BEGIN Recorded data

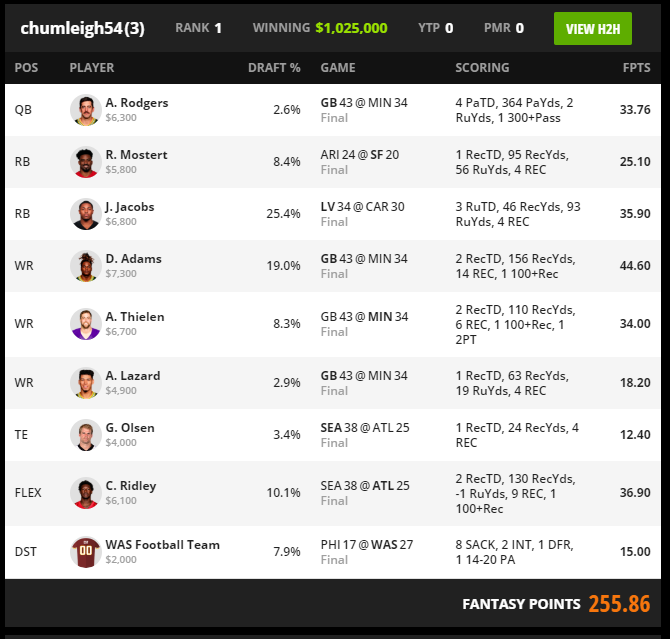 This lineup wins by treating the Green Bay Minnesota game as the slate’s scoring spine and refusing to overcomplicate how points would be distributed. Aaron Rodgers posts four passing touchdowns and a rushing touchdown, then the roster captures the touchdowns through Davante Adams and Allen Lazard while also taking Adam Thielen as the direct capture of Minnesota’s response. It is a true full game stack, not a token bringback, because four roster spots sit inside one game environment and the points concentrate through the exact players who touched every touchdown sequence.
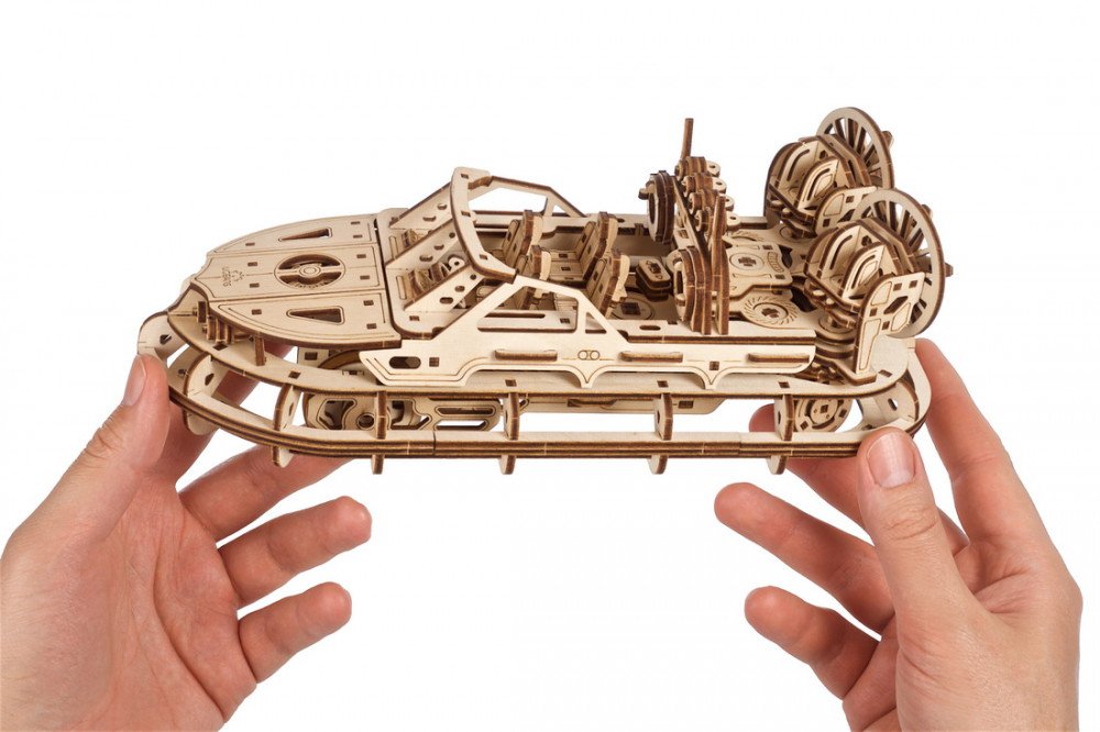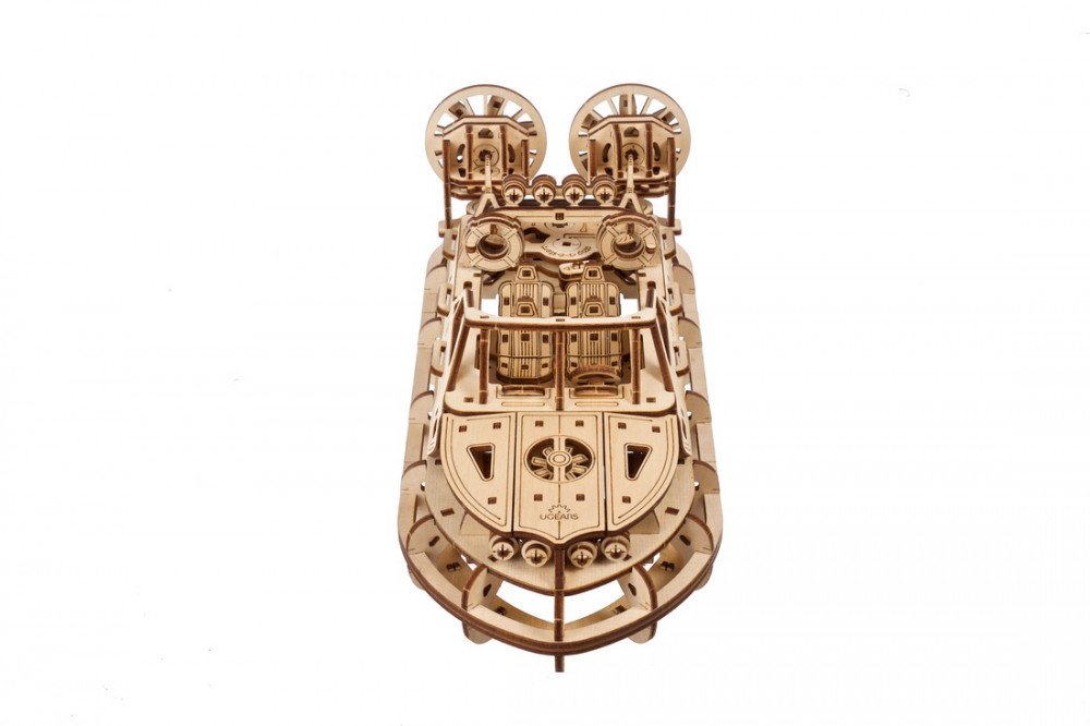 Tento DIY drevený model je poháňaný pružinovým motorom s naťahovacím račňovým kľúčom umiestneným na podvozku plavidla. Prepínač Štart/Stop vám umožňuje natiahnuť motor desiatimi otáčkami v smere hodinových ručičiek, potom zapnúť motor, keď sa dve tlačné vrtule roztočia a loď vykoná elegantné, vopred naprogramované otáčky doľava a doprava na vzdialenosť 3 metrov, napodobňujúce jemné kývanie skutočného vznášadla
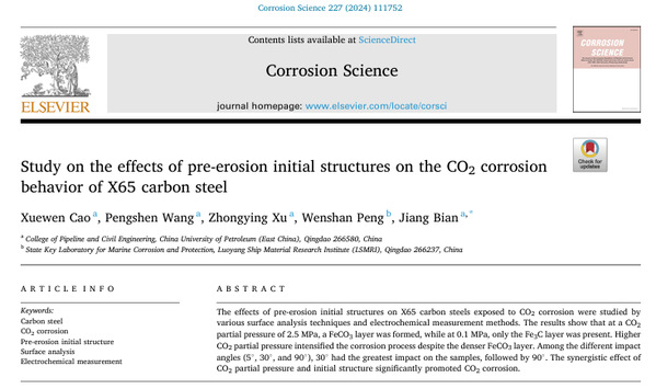 近日,公司油气储运工程专业曹学文教授在预冲蚀表面CO2腐蚀行为研究方面取得重要进展,相关研究成果《Study on the effects of pre-erosion initial structures on the CO2 corrosion behavior of X65 carbon steel》发表在《Corrosion Science》。《Corrosion Science》是材料科学领域的国际顶级期刊,目前影响因子为8.3。论文第一作者为曹学文教授,第二作者为硕士研究生王鹏深,通讯作者为边江副教授,williamhill中文官网为第一署名单位和唯一通讯单位。该研究得到国家自然科学基金面上项目的资助。

END Recorded data

• _What is required_: Write the listing above out again exactly, dropping each image.

• _Task response_:
 This lineup wins by treating the Green Bay Minnesota game as the slate’s scoring spine and refusing to overcomplicate how points would be distributed. Aaron Rodgers posts four passing touchdowns and a rushing touchdown, then the roster captures the touchdowns through Davante Adams and Allen Lazard while also taking Adam Thielen as the direct capture of Minnesota’s response. It is a true full game stack, not a token bringback, because four roster spots sit inside one game environment and the points concentrate through the exact players who touched every touchdown sequence.
 Tento DIY drevený model je poháňaný pružinovým motorom s naťahovacím račňovým kľúčom umiestneným na podvozku plavidla. Prepínač Štart/Stop vám umožňuje natiahnuť motor desiatimi otáčkami v smere hodinových ručičiek, potom zapnúť motor, keď sa dve tlačné vrtule roztočia a loď vykoná elegantné, vopred naprogramované otáčky doľava a doprava na vzdialenosť 3 metrov, napodobňujúce jemné kývanie skutočného vznášadla
 近日,公司油气储运工程专业曹学文教授在预冲蚀表面CO2腐蚀行为研究方面取得重要进展,相关研究成果《Study on the effects of pre-erosion initial structures on the CO2 corrosion behavior of X65 carbon steel》发表在《Corrosion Science》。《Corrosion Science》是材料科学领域的国际顶级期刊,目前影响因子为8.3。论文第一作者为曹学文教授,第二作者为硕士研究生王鹏深,通讯作者为边江副教授,williamhill中文官网为第一署名单位和唯一通讯单位。该研究得到国家自然科学基金面上项目的资助。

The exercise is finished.